Writer: Bogey FettBogey Fett

We've all played golf with "That Guy." The one who's just miserable, disrespectful, ruins the course and your good time. Just a miserable old goat that you're wondering why they’re still playing in the first place. Personally, if I'm not having fun with you, don't expect to see me in your foursome again. I absolutely love everything about golf. I love that it's a classy game, requires patience, and takes time to get good at. There are so many areas to work on before scoring a great, low round. But I understand that it is just a "game". Don't get me wrong, I want to improve every time I'm out there, but it's a game, first and foremost. Even if I'm not "KeepingItInTheFairway" I'm enjoying being outside playing a simple, but extremely difficult game. There's not a game worth playing if you aren't having fun. As P.G. Wodehouse once said, “To find a man’s true character, play golf with him.” With that said, “This Is The Way” to Bogey Fett's Top 10 Golfing Etiquette Tips to make sure you aren't "That Guy" when out on the course.


#1. Don't Be the Slowest Player

Golf is a Gentlemen's game where respect must be shown to everyone. Playing slow or practicing your swing 4 times before you hit your ball only to shank the ball, will fire up the other players and is firing me up as I write this. If you're struggling and making the others wait a while, pick up your ball and move to the next hole. Don't make people wait for you or you may get cursed at with a golf ball heading your way.


#2. Keep Your Composure

Now, this goes against what I just wrote for playing with someone who is playing too slow. But this is more about your own personal game. We all hit bad shots, even the pros. They don't stick it on the green every time and sometimes (not as often as I) they may mishit the ball, too. Keep your composure and take it shot for shot. It's like a QB throwing an interception - move on and go to the next throw or in this case, the next shot. Don't get too riled up over a mishit here and there. Never throw a club. It's ridiculous. You only end up looking stupid for throwing it and even dumber because you threw an expensive piece of equipment you paid for. Oh, and don't forget you ARE going to go get it. Save yourself the "Walk of Shame" and keep your cool. Remember, you're out in Mother Nature playing a game. Treat it as such. If not, it's time to hang up the sticks.
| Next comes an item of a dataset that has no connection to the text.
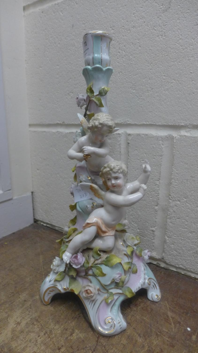 A German porcelain cherub candlestick, 36cm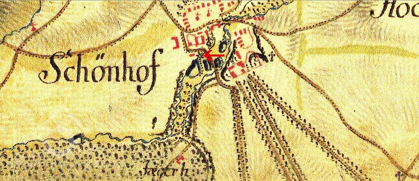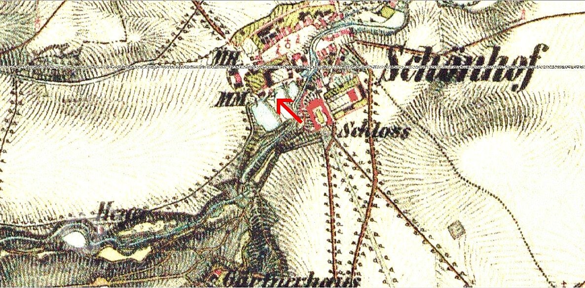 Mlýn se nacházel cca 180 m severozápadně od zámku.

#3. Respect Other People's Time

Don't be late. As should be the case for anything you do in life, but don't be late for your tee time. It makes your entire crew look bad, not just yourself, to the club and everyone there. A simple rule to always remember is: If you're not early, you're late. Arrive at least 15 minutes before tee time. Like with being the slowest player, understand there is a time frame that should be kept. Respect your playing partners by showing up early and ready to play.

As with rule #1, show respect to the other players on the course outside of your group. Don't waste their time continuously hacking at the ball or taking too many practice swings. You should have already done that at the range, if you had shown up on time to warm-up. Also, don't look for a lost ball for too long. 3 minutes max is all you should take. If you haven't found it by then, you're not going to and you're more likely to pick up another ball and try to play it. Don't be "that guy".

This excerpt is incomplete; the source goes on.